0

So basically I have this function that I run to check if a website exists or not. The problem is that it takes too much time. I have 50 different links to check one by one. Is there a faster way to do it? I'm currently using python 3. I've heard of the module threading but even after reading about it I'm still unsure about how to use it. Do you guys have any good resources I could read or look at to understand a little bit more about it?

Here's my code:

import requests

def checkExistingWeb():
    for i in range(1, 51):
        checkIfWebExist = requests.get("https://www.WEBSITE.com/ABCDE?id=" + str(i), allow_redirects=False)
        if checkIfWebExist.status_code == 200:
            print("\033[92mWeb Exists!\033[0m " + str(i))
        else:
            print("\033[91mWeb Does Not Exist!\033[0m " + str(i))

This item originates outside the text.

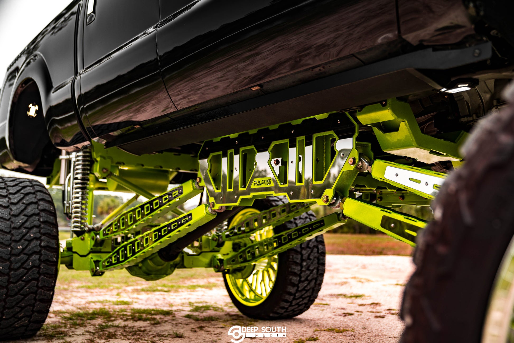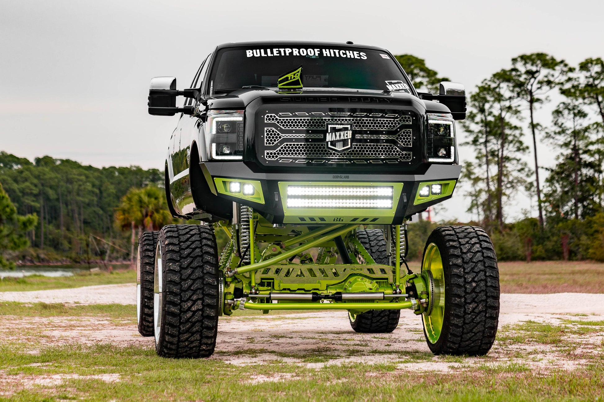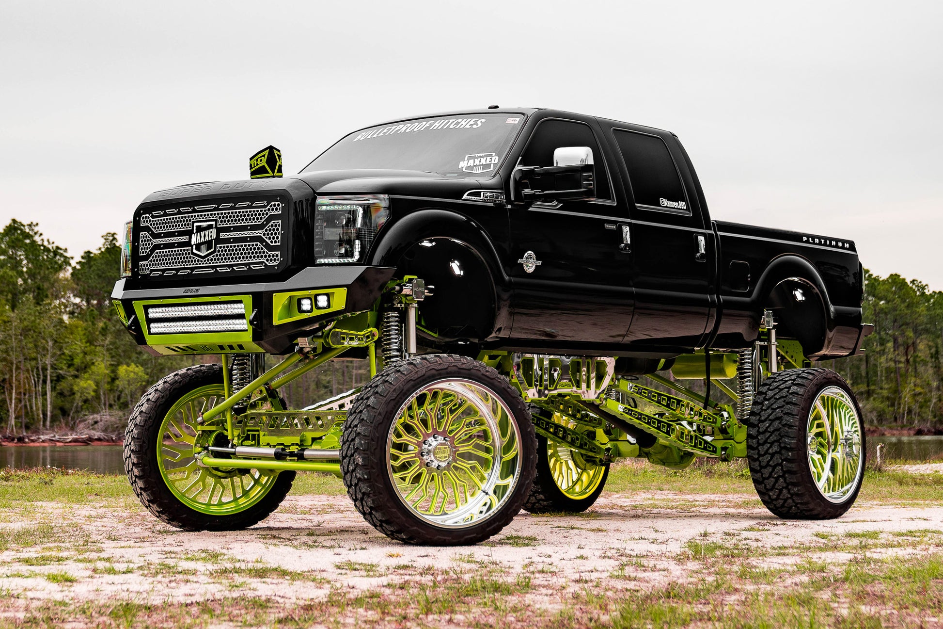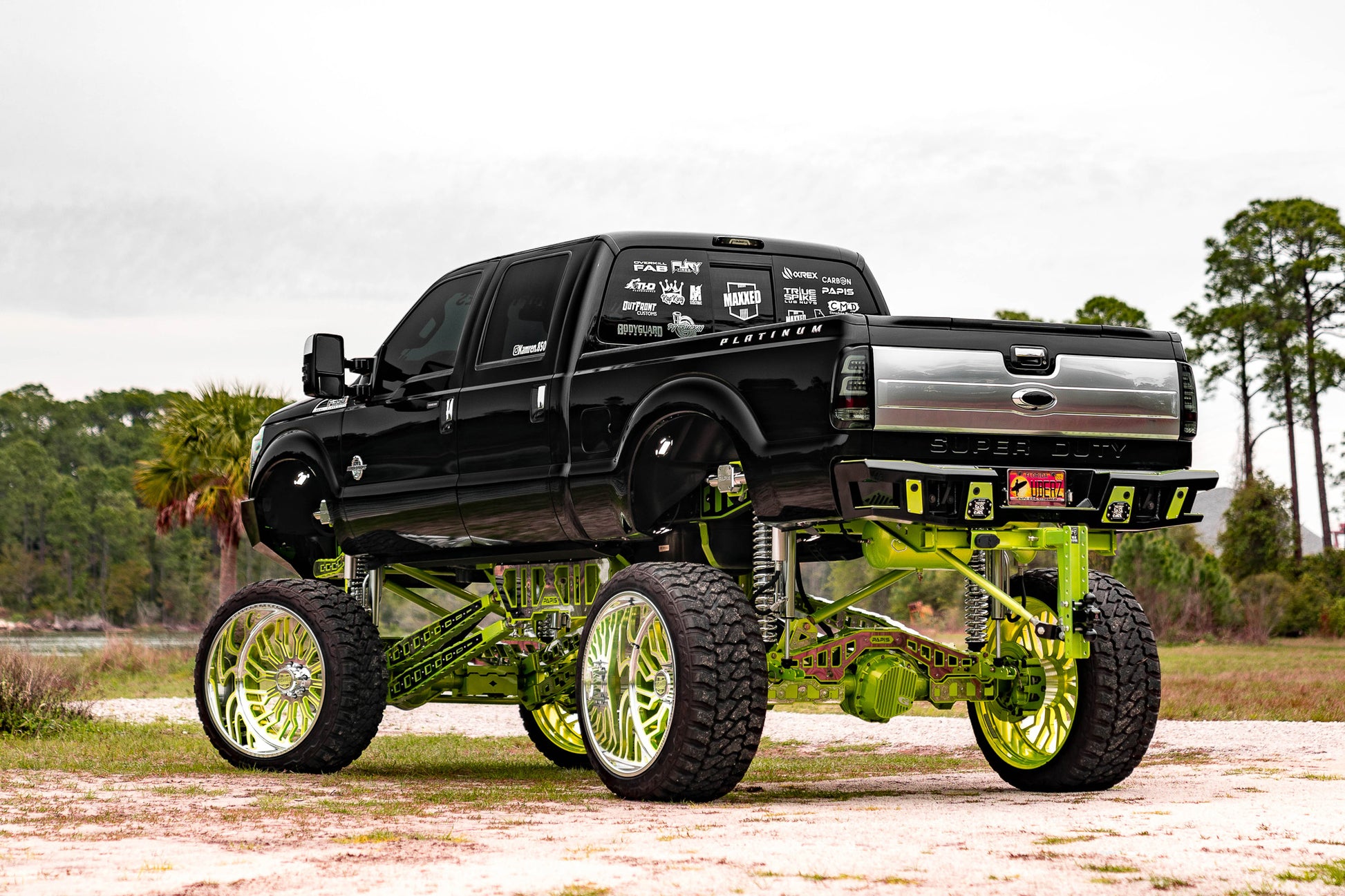 This 2016 F350 Super Duty is on our Papis 18-24 inch Long arm front and rear 4link lift kit with front and rear coil over conversions and front and rear super duty bolt on truss with full heim steering conversion

if __name__ == "__main__":
    checkExistingWeb()

Thanks!

Celoufran
  • 93
  • 1
  • 9
  • Does this answer your question? [How do I parallelize a simple Python loop?](https://stackoverflow.com/questions/9786102/how-do-i-parallelize-a-simple-python-loop) – DarkSuniuM Aug 09 '20 at 03:06
  • You should do these request asynchronously. That can be done with either `async` or with threading. – Ted Klein Bergman Aug 09 '20 at 03:07
  • `have any good resources I could read or look at` - requests for offsite resources is off topic here. – wwii Aug 09 '20 at 03:15
  • There is a [decent example](https://docs.python.org/3/library/concurrent.futures.html#threadpoolexecutor-example) in the `concurrent.futures` documentation. – wwii Aug 09 '20 at 03:20
  • You may also consider using the keyword timeout for the requests to avoid waiting forever for a site that doesn't exist. – Micah Johnson Aug 09 '20 at 03:44

4 Answers4

2

You can use multiprocessing.Pool

https://docs.python.org/2/library/multiprocessing.html

import requests, multiprocessing

def Check_Link(link):
    checkIfWebExist = requests.get(link, allow_redirects=False)
        if checkIfWebExist.status_code == 200:
            print("\033[92mWeb Exists!\033[0m " + str(i))
        else:
            print("\033[91mWeb Does Not Exist!\033[0m " + str(i))

if __name__ == "__main__":
    p = multiprocessing.Pool(5)
    p.map(f, ["https://www.WEBSITE.com/ABCDE?id=" + str(i) for i in range(51)])

This code will create a thread pool and run this on the Check_Link function

Adi Mehrotra
  • 150
  • 1
  • 7
0

create the function for one execution, and have the loop outside of the function

executor = ThreadPoolExecutor()
checkweb_futures = [ executor.submit(checkExistWeb) for I in range(1, 51) ]
Ronen
  • 189
  • 3
0

I really liked @Ronen's answer, so I looked into that excellent ThreadPoolExecutor class. His answer was incomplete, as you will need to do a bit more as the processes haven't completed at the end of his snippet. You need to handle those Futures. Here is an expanded answer:

executor = ThreadPoolExecutor()
checkweb_futures = [ executor.submit(checkExistWeb,I) for I in range(1, 51) ]  # passed parameter

while not all(map(lambda x:x.done(),checkweb_futures)):
    time.sleep(1)

checkweb_results = list(map(lambda x:x.results(),checkweb_futures))

Now you can check the results of all the calls.

RufusVS
  • 4,008
  • 3
  • 29
  • 40
0

Yeah its good use for multiple threads

import requests

def checkExistingWeb():
    for i in range(1, 51):
        checkIfWebExist = requests.get("https://www.WEBSITE.com/ABCDE?id=" + str(i), allow_redirects=False)
        if checkIfWebExist.status_code == 200:
            print("\033[92mWeb Exists!\033[0m " + str(i))
        else:
            print("\033[91mWeb Does Not Exist!\033[0m " + str(i))


if __name__ == "__main__":
    with concurrent.futures.ThreadPoolExecutor() as executor:
        results = executor.map(checkExistingWeb)
Sekizyo
  • 26
  • 5